Using ``-h`` to get detailed help.

.. code:: sh

    python tools/converter.py -h
    python tools/converter.py build -h
    python tools/converter.py run -h
    python tools/converter.py benchmark -h


---------------------------------------------
3.3 \ ``tools/converter.py``\ usage examples
---------------------------------------------

.. code:: sh

    # Build the static library
    python tools/converter.py build --config=models/config.yaml

    # Test model run time
    python tools/converter.py run --config=models/config.yaml --round=100

    # Validate the correctness by comparing the results against the
    # original model and framework, measured with cosine distance for similarity.
    python tools/converter.py run --config=models/config.yaml --validate

    # Benchmark and profiling model, get detailed statistics of each Op.
    python tools/converter.py benchmark --config=models/config.yaml

    # Check the memory usage of the model(**Just keep only one model in configuration file**)
    python tools/converter.py run --config=models/config.yaml --round=10000 &
    sleep 5
    adb shell dumpsys meminfo | grep mace_run
    kill %1

=============
4. Deployment
=============

``build`` command will generate the static library, model files and header files
and packaged as ``build/${library_name}/libmace_${library_name}.tar.gz``.
They are organized as follows,

.. code::

      build/
      └── mobilenet-v2-gpu
          ├── include
          │   └── mace
          │       └── public
          │           ├── mace.h
          │           └── mace_runtime.h
          ├── libmace_mobilenet-v2-gpu.tar.gz
          ├── library
          │   ├── arm64-v8a
          │   │   └── libmace_mobilenet-v2-gpu.MI6.msm8998.a
          │   └── armeabi-v7a
          │       └── libmace_mobilenet-v2-gpu.MI6.msm8998.a
          ├── model
          │   ├── mobilenet_v2.data
          │   └── mobilenet_v2.pb
          └─── opencl
               └── compiled_opencl_kernel.bin

.. note::

    1. DSP runtime depends on ``libhexagon_controller.so``.
    2. ``${MODEL_TAG}.pb`` file will be generated only when ``build_type`` is ``proto``.
    3. ``compiled_kernel.bin`` will be generated only when ``target_soc`` and ``gpu`` runtime are specified.

.. warning::

    ``compiled_kernel.bin`` depends on the OpenCL version of the device, you should maintan the
    compatibility or configure compiling cache store with ``ConfigKVStorageFactory``.

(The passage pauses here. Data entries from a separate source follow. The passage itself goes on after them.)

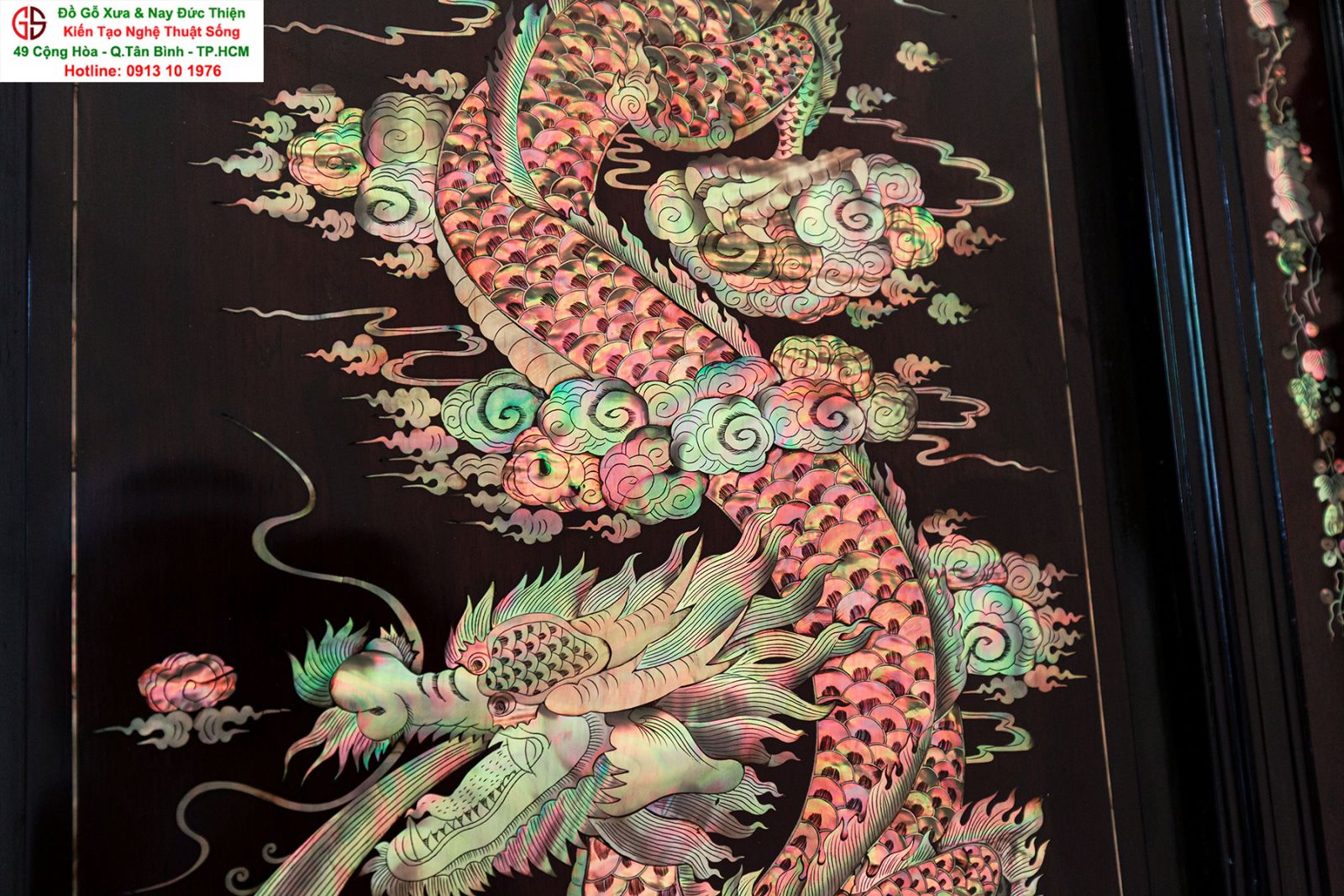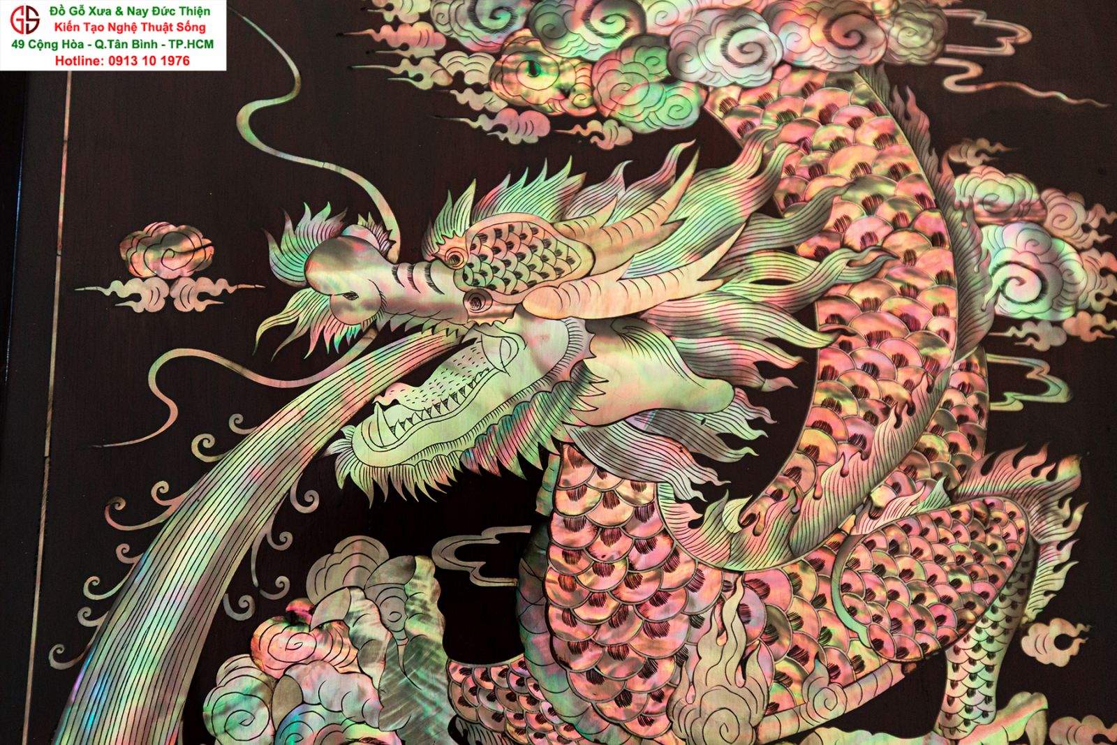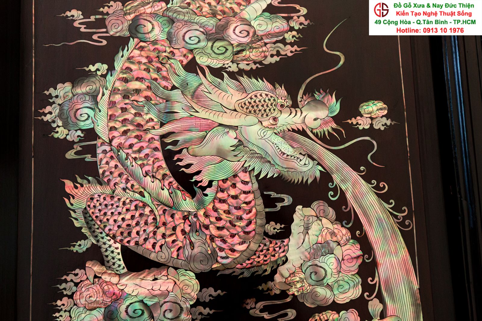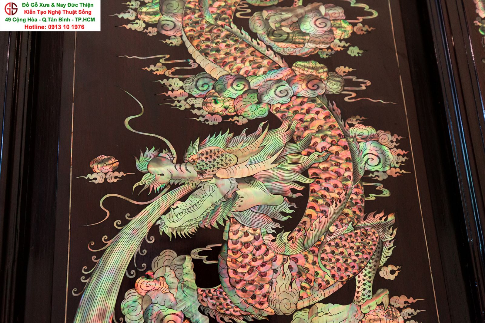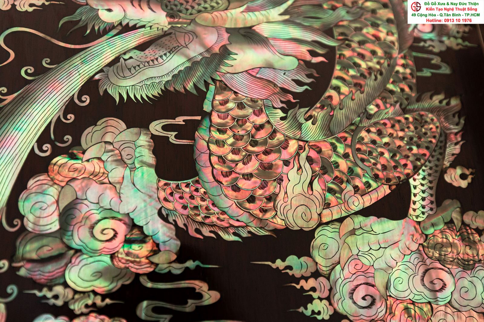 TỦ ÁO GỖ GỤ KHẢM ÓC ĐẸP [ TÍCH CÁ CHÉP HÓA RỒNG ]
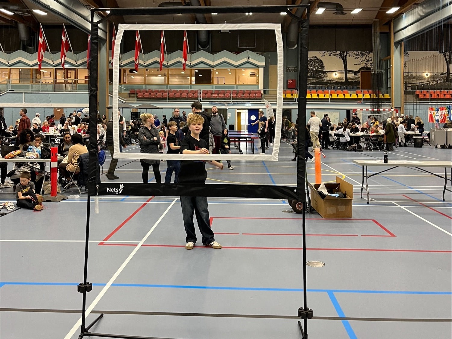 ▪ Hvidt net, metalramme, pløkker, udstyrstaske.
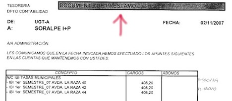 préstamo – vaso comunicante habitual – entre UGT y Soralpe. Este documento lo demuestra.
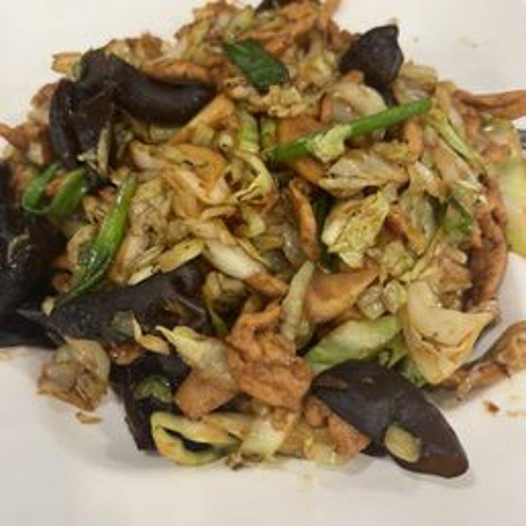 Stir-fried shredded pork with finely sliced cabbage, bamboo shoots, wood ear mushrooms, scallions, and scrambled eggs in a savory hoisin sauce. Served with thin, Mandarin pancakes for wrapping.
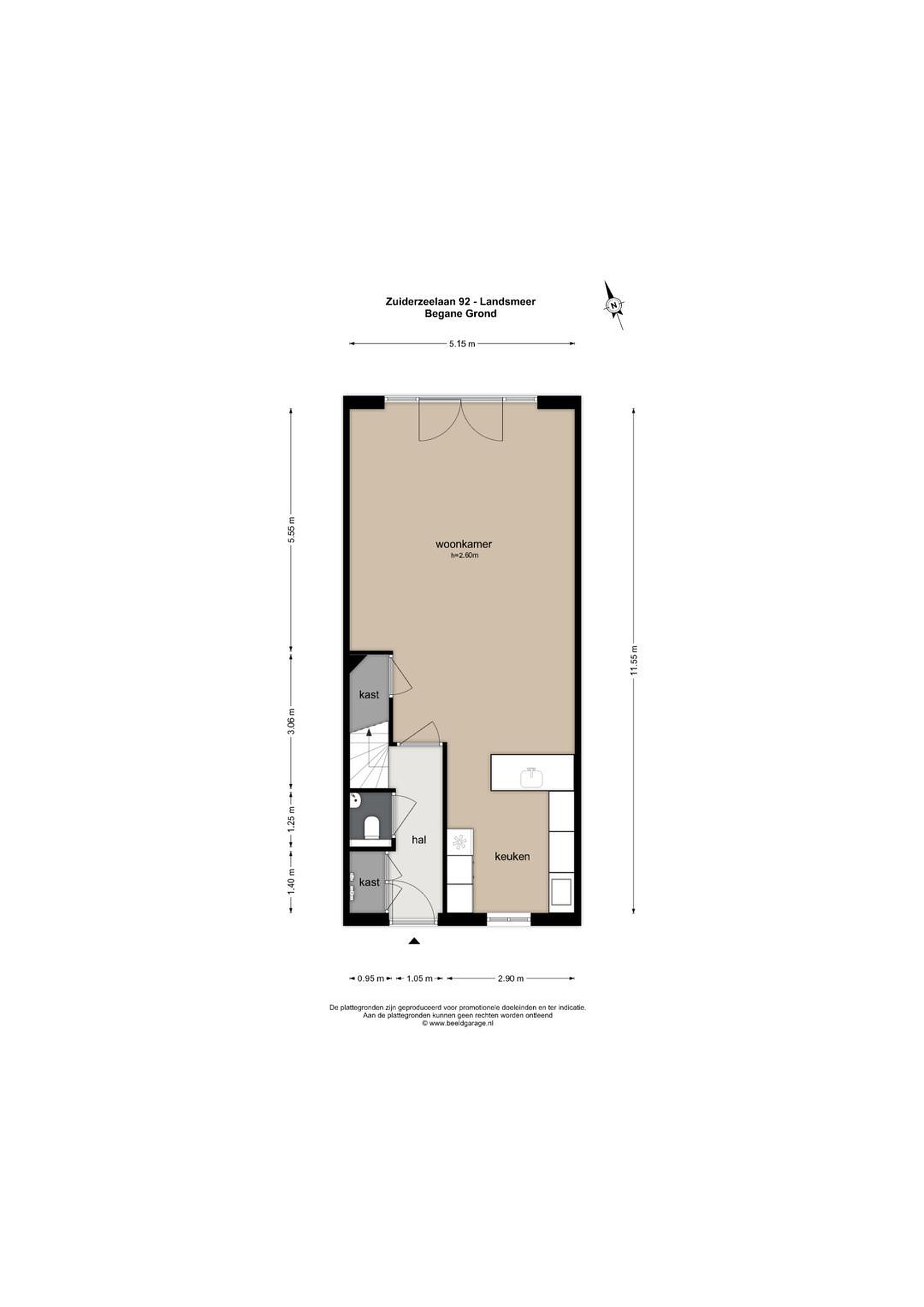 Via de verzorgde voortuin bereikt u de entree van de woning. U komt binnen in de hal met modern toilet en fonteintje. Vanuit hier loopt u door naar de royale, uitgebouwde woonkamer met open keuken aan de voorzijde. De begane grond meet in totaal ca. 52 m2 en heeft een prettige plafondhoogte van 2.60 meter, wat zorgt voor een ruimtelijk gevoel.
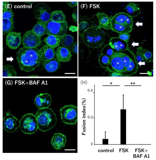 Cell membranes and nuclei were stained with Di-8-ANEPPS (1:1000, 19451, Cayman Chemica), and Hoechest33342 (1:1000, H342, DOJINDO LABORATORIES, Kumamoto, Japan) [20]. The cell fusion index was adopted from the previous report [20]. In brief, unfixed BeWo cells, which were treated with 25 μM FSK, DMSO, FSK with 20 nM BAF A1, or FSK with 1 mM LLOMe for 72 h, were stained with the dyes. For detecting acidic organelles, BeWo cells were treated with LysoTracker DND-99 for 40 min at 37 degrees prior to fixation (1 µM, L7528, Thermo Fisher Scientific, Waltham, MA, USA). Immediately, the images were obtained using confocal microscopy, with a Zeiss LSM 700 confocal microscope (Zeiss, Oberkochen, Germany). Then the acquired images were analyzed using the ZEN image software.
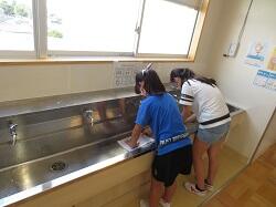 1学期からずっとですが、用務員さんが学校中の手すりやドアノブを毎日消毒しています。
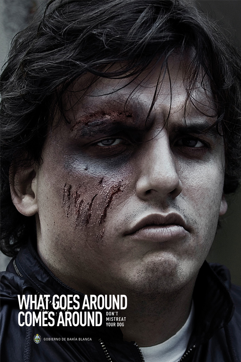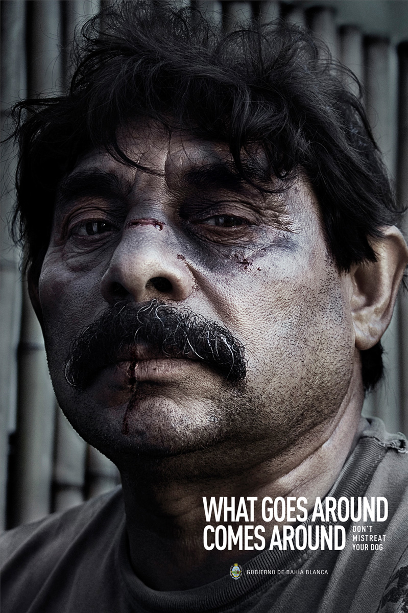 Собака бывает кусачей только от жизни собачей…Управление аргентинского города Баия-Бланка совместно с рекламным агентством Savaglio\TBWA предостерегают владельцев собак от укусов своих питомцев. Если вы не хотите быть покусанным своей собакой и стать похожим на героев этих принтов, то не бейте животное, ведь, как известно, как аукнется, так и откликнется…Надпись: "Как аукнется, так и откликнется. Не обращайтесь плохо с вашей собакой." Агентство: Savaglio\TBWA, Буэнос-Айрес, Аргентина |
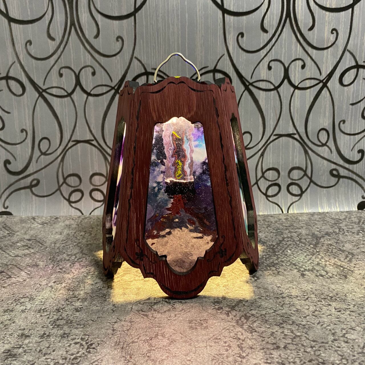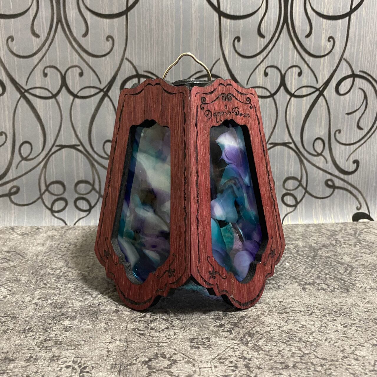 無垢材パープルハートとステンドグラスを融合させ両方の美しさを最大限に活かした高級感漂う Bornオリジナルゴールゼロ用ランプシェード(2WAY:吊る・置き型)
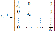 where . Once again, the matrix representation is dimension independent. In other words, equation 4.1 represents a hyperellipsoid. Note that if the ellipse axes are aligned with the coordinate axes, matrix A is diagonal. If we rotate the coordinate system, each position vector is rotated by an orthogonal matrix R. Equation 4.1 is transformed as follows (we have used the rules for transposing the products of matrices from equation 2.10):
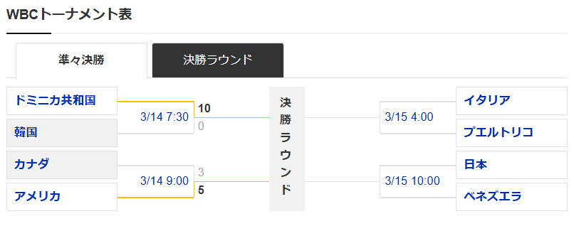 準々決勝でドミニカ共和国に0ー10と屈辱のコールド大敗を喫した韓国で、WBCの対戦表に対する批判が飛び出した。準々決勝はC組2位の韓国がD組1位のドミニカ共和国と第1試合で対戦。第2試合がA組1位のカナダとB組2位の米国、第3試合がB組1位のイタリアとA組2位のプエルトリコ、第4試合がC組1位の日本とD組2位のベネズエラとなっている。
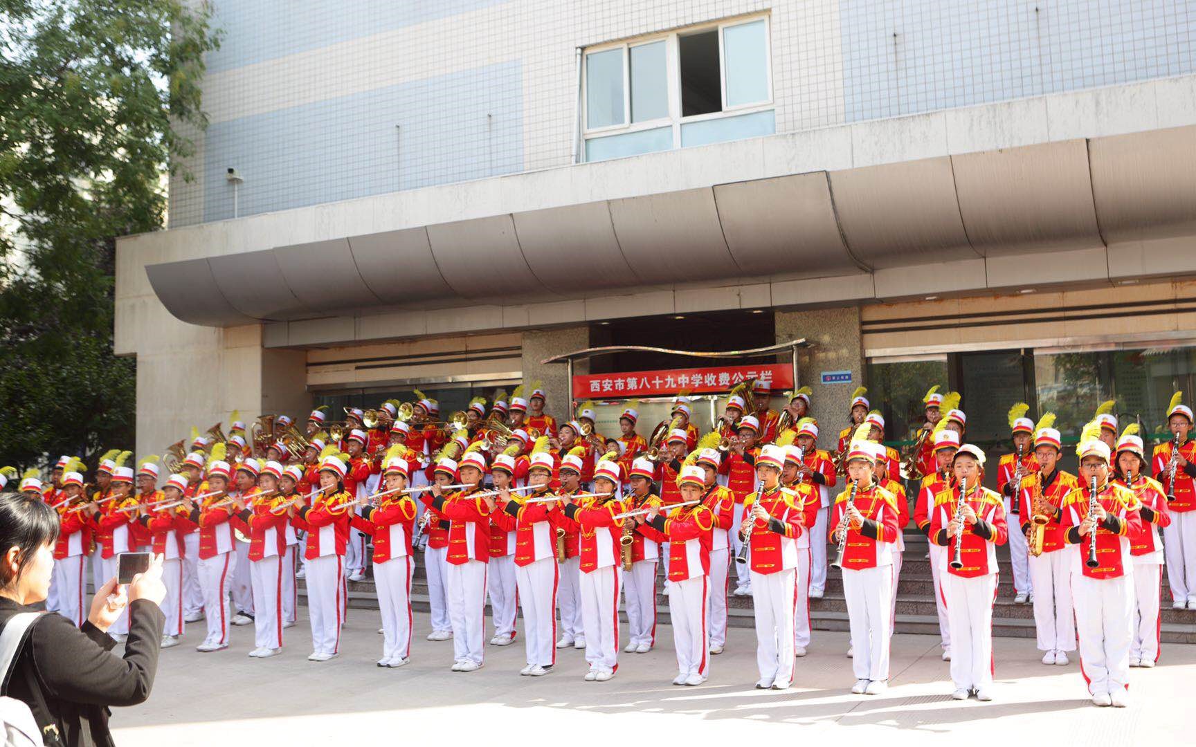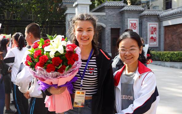 上午11:00,西安市第八十九中学校长吕高愿,校党总支副书记李政平等在我校畅叙楼接待了来宾一行,校管乐团演奏起雄壮激昂的迎宾曲迎接来自远道而来的贵宾,我校接待学生纷纷为自己的搭档送上了美丽的鲜花。2018年暑期,这些同学曾前往德国姊妹校进行友好交流访问,如今再次相见,中德学生都激动不已、彼此热情相拥,在畅叙楼前合影留念。
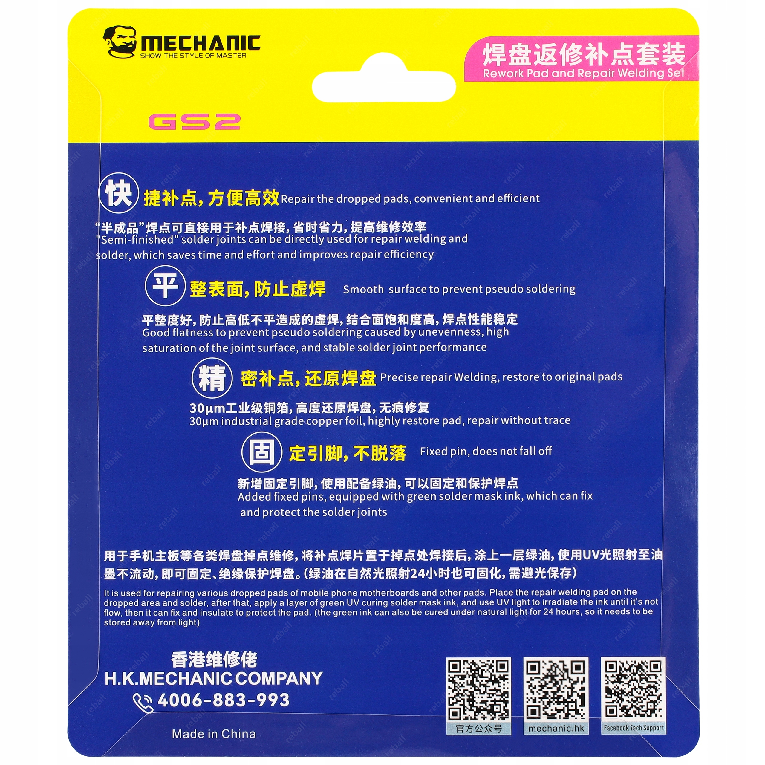 Pady można przylutować w miejscach uszkodzenia (kiedy wyprowadzenia z warstw laminatu są dostępne) jak i przykleić na lakier UV dołączony w zestawie.
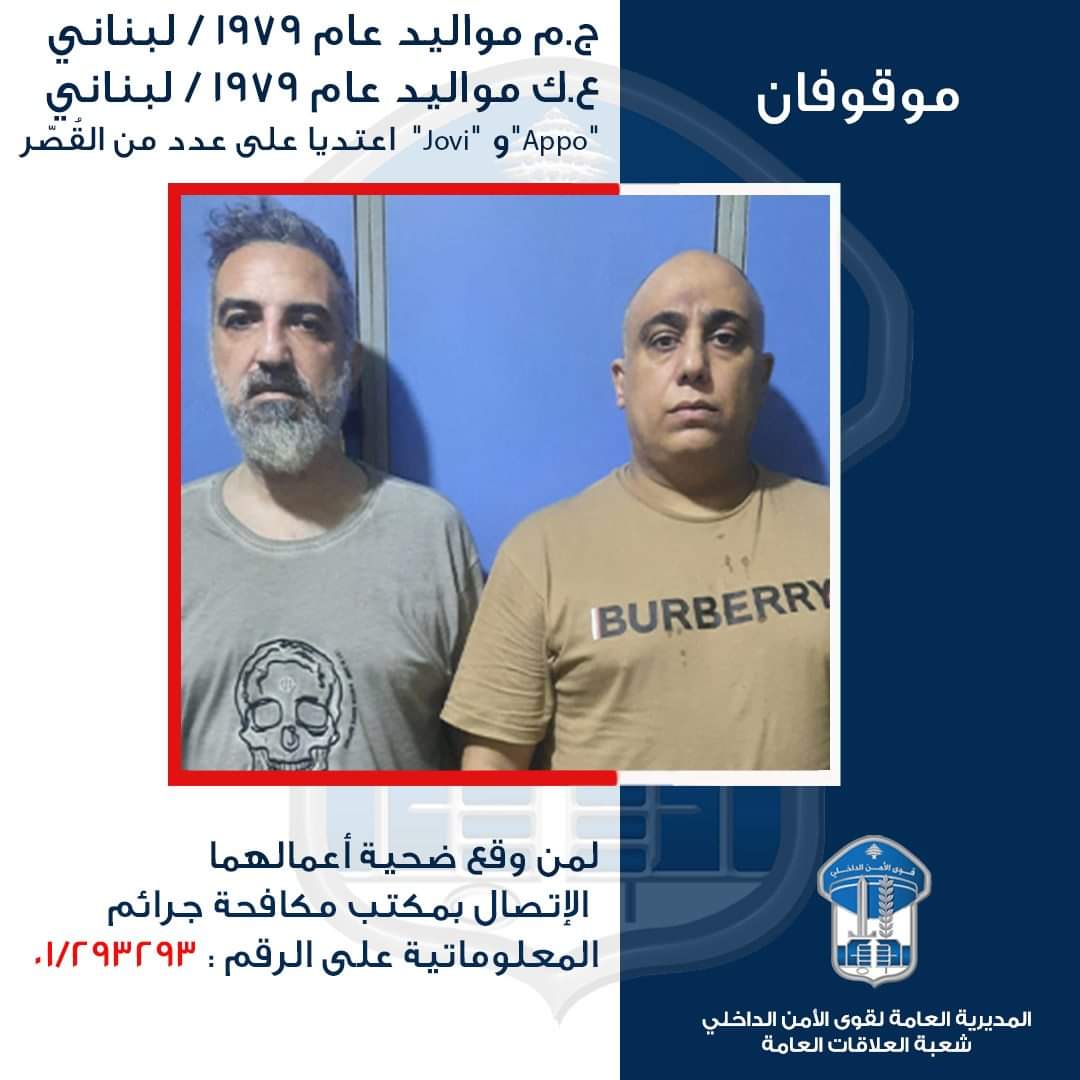 تُعمّم المديرية العامة لقوى الأمن الداخلي بناءً على إشارة القضاء المختص، صورة الموقوفين:

=========================================
5. How to use the library in your project
=========================================

Please refer to \ ``mace/examples/example.cc``\ for full usage. The following list the key steps.

.. code:: cpp

    // Include the headers
    #include "mace/public/mace.h"
    #include "mace/public/mace_runtime.h"
    #include "mace/public/mace_engine_factory.h"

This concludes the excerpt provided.